■ **Supplied entries**
+===+

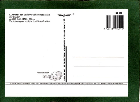 AK Bad Hall. Herz- und Kreislaufzentrum der Bauern. Ungelaufen. Großformat. Verlag: Alpine Luftbild Innsbruck. Nummeriert: 94630. Zustand: gut.
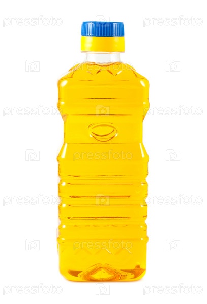 Растительное масло в пластиковой бутылке, изолированное на белом фоне
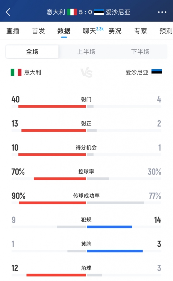 進(jìn)攻方面,意大利射門(mén)數40-4,射正數13-2,得分機會(huì )意大利達到10次??厍蚍矫?,意大利達到70%。
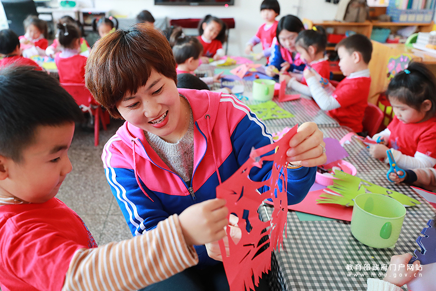 “老師,您看看我剪的窗花怎么樣!”,承德市雙灤區(qū)第三幼兒園的老師指導(dǎo)孩子們剪窗花。(楊樹鳳、張學(xué)軍/攝)
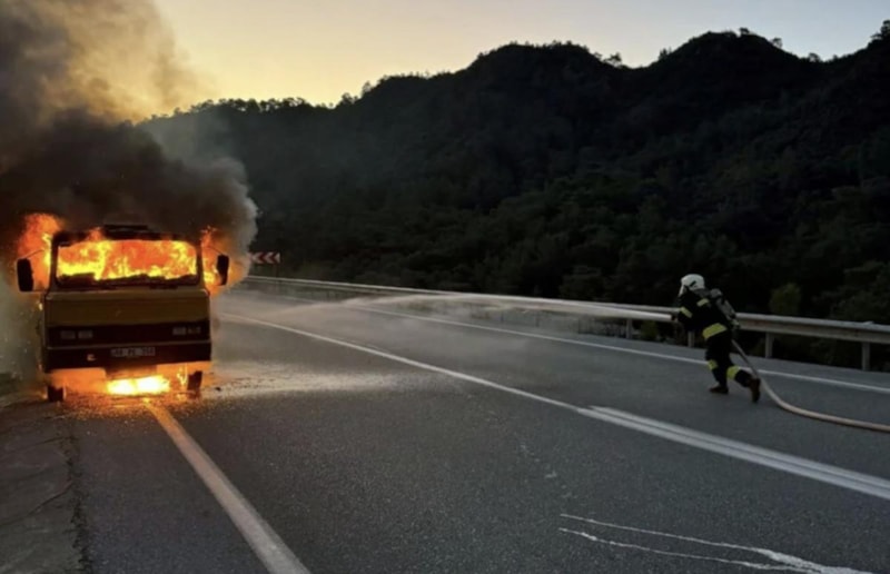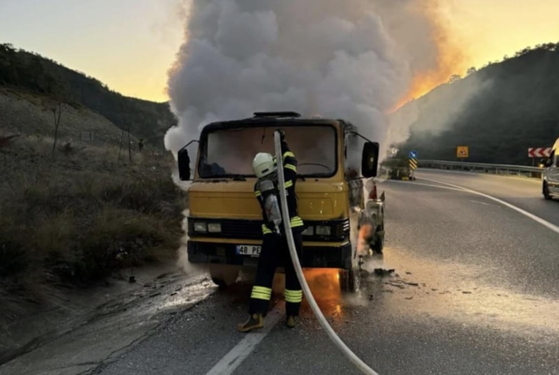 Fethiye ilçesi Göcek Mahallesi'nde tankerinde akaryakıt dolu olan kamyonet, motor kısmında başlayan yangın sonrası ateş topuna döndü.
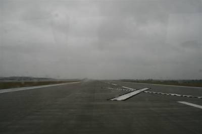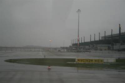 Nach diesen beiden theoretischen Teilen ging es dann im Bus am neuen Terminal vorbei und auch über die Rollwege und die südliche Start- und Landebahn (07R/25L) des neuen Flughafens, die mit 4 Kilometer Länge und 60 Meter Breite auch für die größten Verkehrsflugzeuge der Welt wie den Airbus A380 geeignet ist. Auf dem Vorfeld ist noch Platz für zwei weitere Terminal-Ausbaustufen zur Erhöhung der Fluggastkapazität, die Anbindung würde überirdisch über eine große Brücke an das Hauptterminal erfolgen. Daneben gibt es aber auch an den Seitenpiers noch Erweiterungsmöglichkeiten.
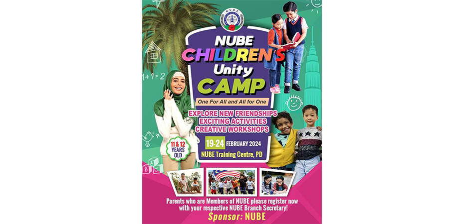 Pada persidangan Perwakilan NUBE ke-25 yang diadakan pada 19 Ogos baru-baru ini, Perwakilan sebulat suara telah memutuskan untuk menganjurkan Kem Madani Kanak-Kanak NUBE untuk anak-anak kepada Ahli NUBE yang berumur antara 11 dan 12 tahun.
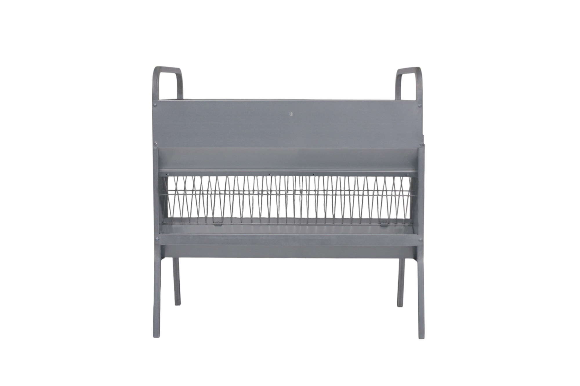 Fabricada en chapa galvanizada, ofrece una alta resistencia frente a la corrosión, la humedad y las condiciones climáticas adversas, siendo apta tanto para interior como para exterior. Incorpora una rejilla inclinada que favorece un consumo natural del heno o forraje y ayuda a reducir el desperdicio, evitando arrastres, dispersión o ensuciamiento del alimento durante la toma.
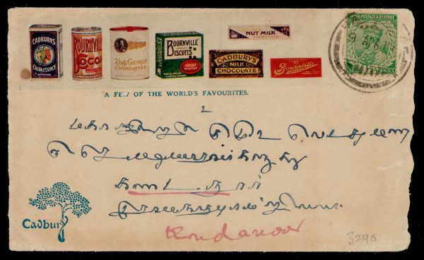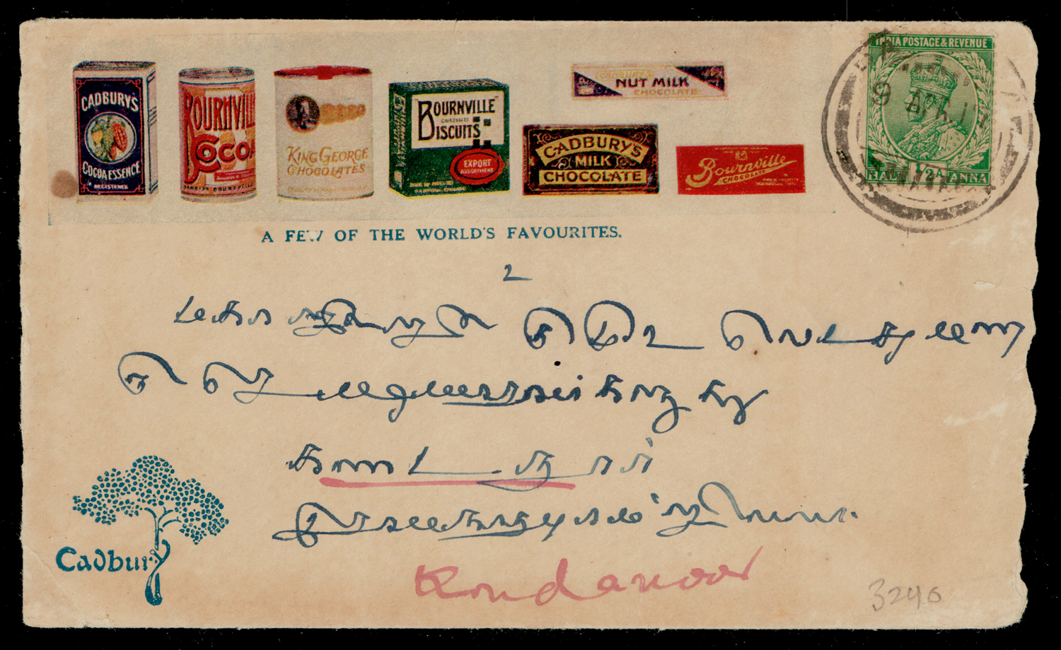 India 1917 GV Cadbury multicolor advertizing cover to Kondanoor
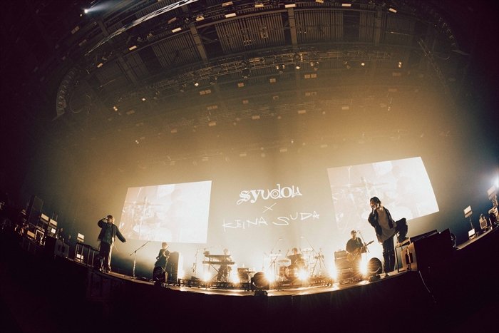 アンコールを求める大歓声の中、ステージにsyudouとともに現れたのは須田景凪。どよめきが起こる中、syudou × 須田景凪の「ペンタトニック」が披露された。二人の掛け合いからサビでは声を重ね、張りのあるsyudouの歌声としなやかな須田景凪の歌声が絡み合う。この夜限りのスペシャルなコラボレーションだった。
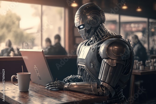 An AI robot helping in the coffee shop, assistant. Intelligence
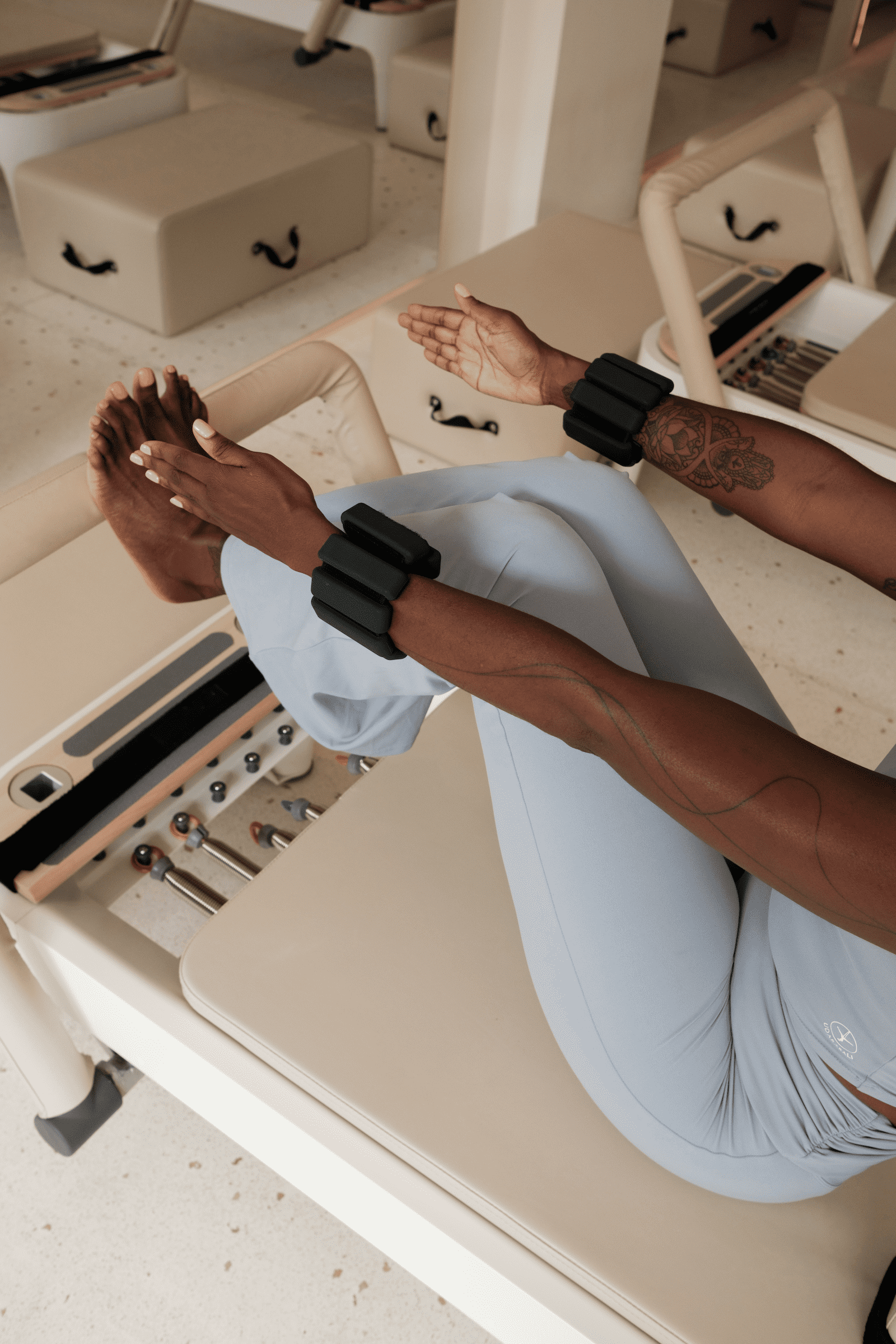 Instead of letting gravity or momentum do the work, Pilates encourages you to actively control both the lift and the lowering of a movement.
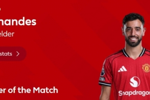 本場比賽B費首發出場,送出2次助攻,6次關鍵傳球,賽后當選英超官方球迷票選全場最佳球員。
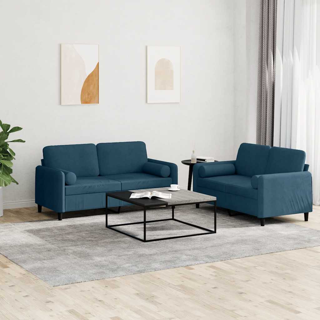 Set de canapele cu perne, 2 piese, albastru, catifea GartenMobel Dekor
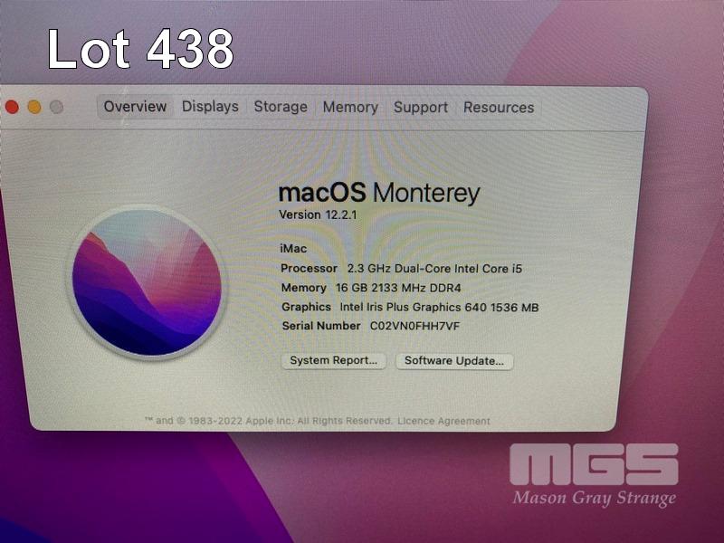 APPLE iMAC (A1418), CORE i5 7360U (7TH GEN) @ 2.3GHz, 16GB DDR4 RAM, 256GB SSD, BUILT-IN 21.5" DISPLAY (1920x1080), INTEL IRIS PLUS GRAPHICS 640, Wi-Fi, MAC OS 12 INSTALLED (NO KEYBOARD, NO MOUSE) S/N:C02VN0FHH7VF
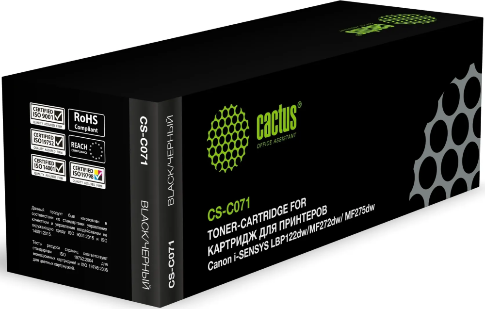Доставка в 75000 населённых пунктов, ТК СДЭК, Яндекс и Почта РФ Все формы оплаты для физических и юридических лиц! Онлайн конфигураторы ПК и сервера, бесплатная сборка. Гарантия 2 года! Широкий ассортимент комплектующих. Более 30 лет на рынке! 1 200 ₽ ID товара: 717889 Картридж Cactus CS-C071 Black ОсновныеПроизводитель ........................................................................................................................................................................................................ Код производителя ........................................................................................................................................................................................................ CS-C071 Тип ........................................................................................................................................................................................................ Тип печати ........................................................................................................................................................................................................ Тип совместимости ........................................................................................................................................................................................................ Совместимый производитель ........................................................................................................................................................................................................ Canon Цвет ........................................................................................................................................................................................................ чёрный (black) Совместимость ........................................................................................................................................................................................................ Canon i-SENSYS LBP122dw, Canon i-SENSYS MF272dw (5621C013), Canon i-SENSYS MF275dw (5621C001) ДополнительноРесурс ........................................................................................................................................................................................................ 1200 стр. Количество в упаковке ........................................................................................................................................................................................................ 1 шт. Сайт производителя ........................................................................................................................................................................................................ |
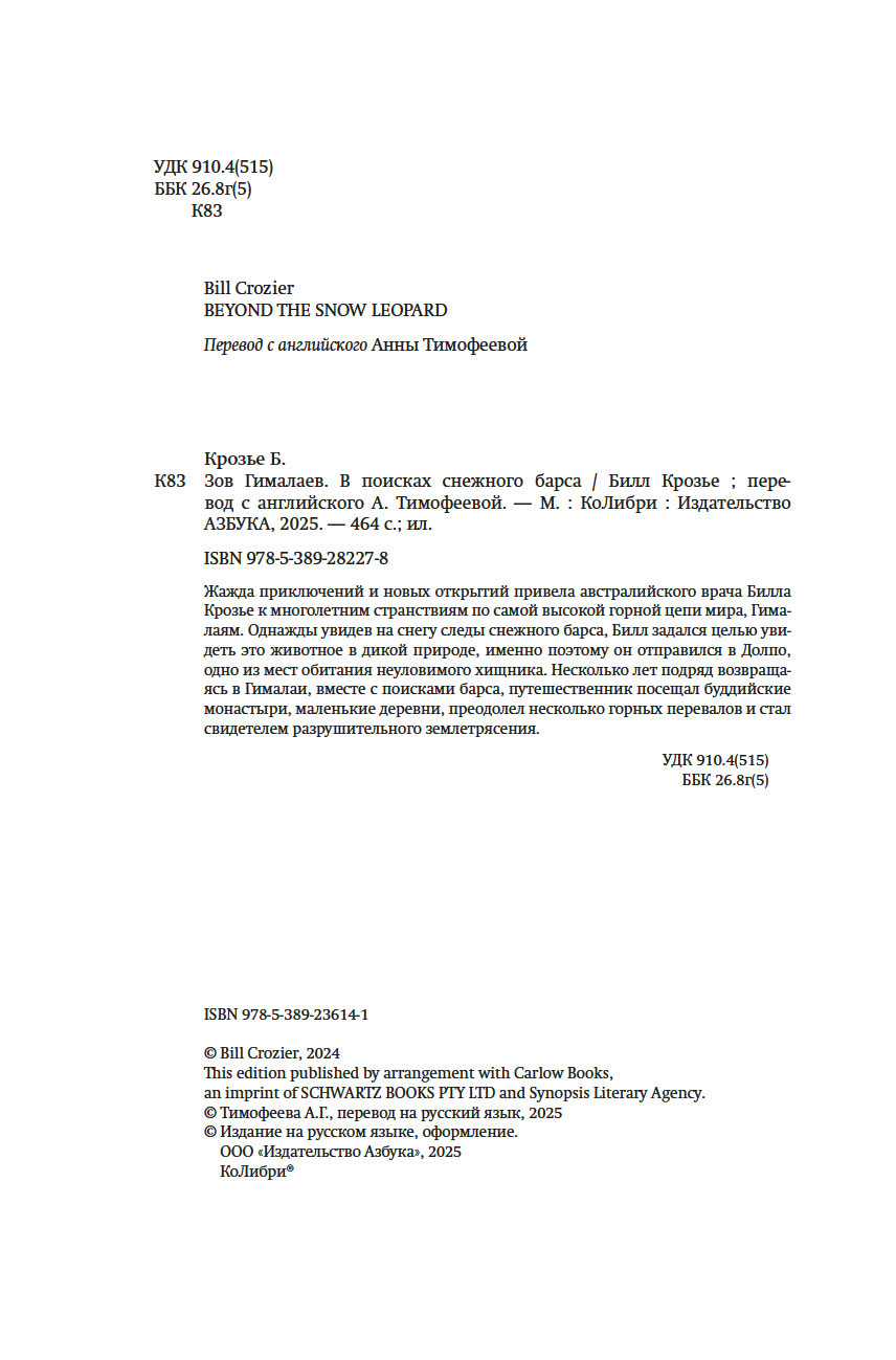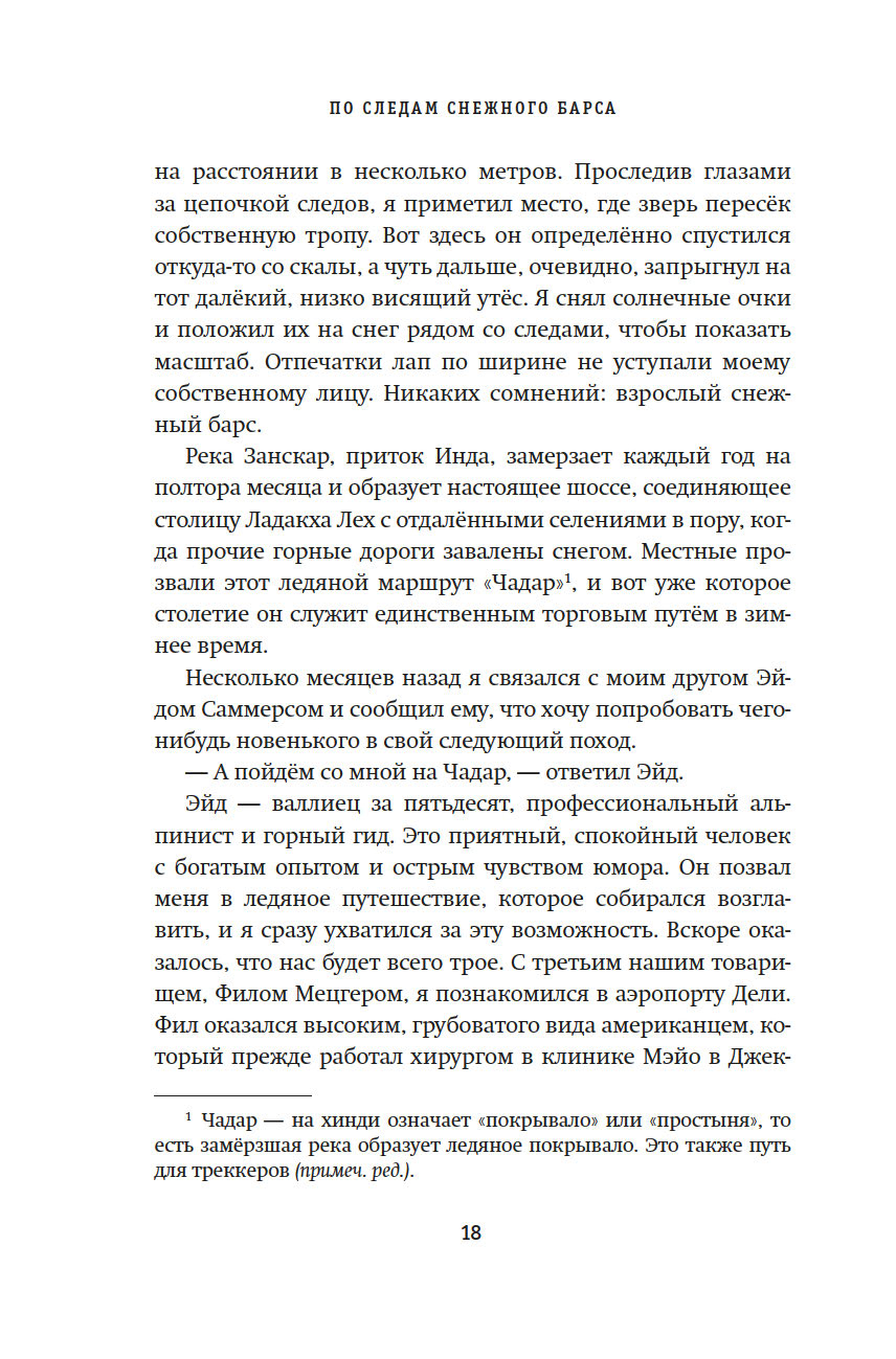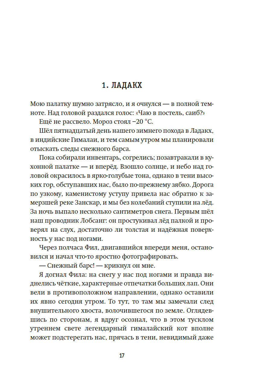 Жажда приключений и новых открытий привела австралийского врача Билла Крозье к многолетним странствиям по Гималаям. Однажды увидев на снегу следы снежного барса, Билл задался целью увидеть это животное в дикой природе, именно поэтому он отправился в Долпо, одно из мест обитания неуловимого хищника. Несколько лет подряд возвращаясь в Гималаи, вместе с поисками барса, путешественник посещал буддийские монастыри, маленькие деревни, преодолел несколько горных перевалов и стал свидетелем разрушительного землетрясения.
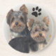 Zwei Yorkshire Terrier Welpen-Pose für die Kamera und auf einem runden Untersetzer das ideale Geschenk für die Yorkie Mama oder den Vater.
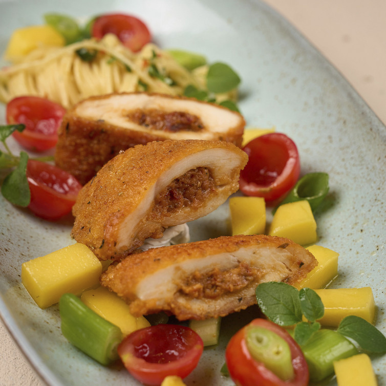 Gefülltes Hähnchenbrustfilet "Tomate-Mozzarella" mit Mango-Lauchsalat

+===+

■ **Problem**
Exact copy, no pictures: return the entries word for word.

■ **Written response**
 AK Bad Hall. Herz- und Kreislaufzentrum der Bauern. Ungelaufen. Großformat. Verlag: Alpine Luftbild Innsbruck. Nummeriert: 94630. Zustand: gut.
 Растительное масло в пластиковой бутылке, изолированное на белом фоне
 進(jìn)攻方面,意大利射門(mén)數40-4,射正數13-2,得分機會(huì )意大利達到10次??厍蚍矫?,意大利達到70%。
 “老師,您看看我剪的窗花怎么樣!”,承德市雙灤區(qū)第三幼兒園的老師指導(dǎo)孩子們剪窗花。(楊樹鳳、張學(xué)軍/攝)
 Fethiye ilçesi Göcek Mahallesi'nde tankerinde akaryakıt dolu olan kamyonet, motor kısmında başlayan yangın sonrası ateş topuna döndü.
 Nach diesen beiden theoretischen Teilen ging es dann im Bus am neuen Terminal vorbei und auch über die Rollwege und die südliche Start- und Landebahn (07R/25L) des neuen Flughafens, die mit 4 Kilometer Länge und 60 Meter Breite auch für die größten Verkehrsflugzeuge der Welt wie den Airbus A380 geeignet ist. Auf dem Vorfeld ist noch Platz für zwei weitere Terminal-Ausbaustufen zur Erhöhung der Fluggastkapazität, die Anbindung würde überirdisch über eine große Brücke an das Hauptterminal erfolgen. Daneben gibt es aber auch an den Seitenpiers noch Erweiterungsmöglichkeiten.
 Pada persidangan Perwakilan NUBE ke-25 yang diadakan pada 19 Ogos baru-baru ini, Perwakilan sebulat suara telah memutuskan untuk menganjurkan Kem Madani Kanak-Kanak NUBE untuk anak-anak kepada Ahli NUBE yang berumur antara 11 dan 12 tahun.
 Fabricada en chapa galvanizada, ofrece una alta resistencia frente a la corrosión, la humedad y las condiciones climáticas adversas, siendo apta tanto para interior como para exterior. Incorpora una rejilla inclinada que favorece un consumo natural del heno o forraje y ayuda a reducir el desperdicio, evitando arrastres, dispersión o ensuciamiento del alimento durante la toma.
 India 1917 GV Cadbury multicolor advertizing cover to Kondanoor
 アンコールを求める大歓声の中、ステージにsyudouとともに現れたのは須田景凪。どよめきが起こる中、syudou × 須田景凪の「ペンタトニック」が披露された。二人の掛け合いからサビでは声を重ね、張りのあるsyudouの歌声としなやかな須田景凪の歌声が絡み合う。この夜限りのスペシャルなコラボレーションだった。
 An AI robot helping in the coffee shop, assistant. Intelligence
 Instead of letting gravity or momentum do the work, Pilates encourages you to actively control both the lift and the lowering of a movement.
 本場比賽B費首發出場,送出2次助攻,6次關鍵傳球,賽后當選英超官方球迷票選全場最佳球員。
 Set de canapele cu perne, 2 piese, albastru, catifea GartenMobel Dekor
 APPLE iMAC (A1418), CORE i5 7360U (7TH GEN) @ 2.3GHz, 16GB DDR4 RAM, 256GB SSD, BUILT-IN 21.5" DISPLAY (1920x1080), INTEL IRIS PLUS GRAPHICS 640, Wi-Fi, MAC OS 12 INSTALLED (NO KEYBOARD, NO MOUSE) S/N:C02VN0FHH7VF
Доставка в 75000 населённых пунктов, ТК СДЭК, Яндекс и Почта РФ Все формы оплаты для физических и юридических лиц! Онлайн конфигураторы ПК и сервера, бесплатная сборка. Гарантия 2 года! Широкий ассортимент комплектующих. Более 30 лет на рынке! 1 200 ₽ ID товара: 717889 Картридж Cactus CS-C071 Black ОсновныеПроизводитель ........................................................................................................................................................................................................ Код производителя ........................................................................................................................................................................................................ CS-C071 Тип ........................................................................................................................................................................................................ Тип печати ........................................................................................................................................................................................................ Тип совместимости ........................................................................................................................................................................................................ Совместимый производитель ........................................................................................................................................................................................................ Canon Цвет ........................................................................................................................................................................................................ чёрный (black) Совместимость ........................................................................................................................................................................................................ Canon i-SENSYS LBP122dw, Canon i-SENSYS MF272dw (5621C013), Canon i-SENSYS MF275dw (5621C001) ДополнительноРесурс ........................................................................................................................................................................................................ 1200 стр. Количество в упаковке ........................................................................................................................................................................................................ 1 шт. Сайт производителя ........................................................................................................................................................................................................ |
 Жажда приключений и новых открытий привела австралийского врача Билла Крозье к многолетним странствиям по Гималаям. Однажды увидев на снегу следы снежного барса, Билл задался целью увидеть это животное в дикой природе, именно поэтому он отправился в Долпо, одно из мест обитания неуловимого хищника. Несколько лет подряд возвращаясь в Гималаи, вместе с поисками барса, путешественник посещал буддийские монастыри, маленькие деревни, преодолел несколько горных перевалов и стал свидетелем разрушительного землетрясения.
 Zwei Yorkshire Terrier Welpen-Pose für die Kamera und auf einem runden Untersetzer das ideale Geschenk für die Yorkie Mama oder den Vater.
 Gefülltes Hähnchenbrustfilet "Tomate-Mozzarella" mit Mango-Lauchsalat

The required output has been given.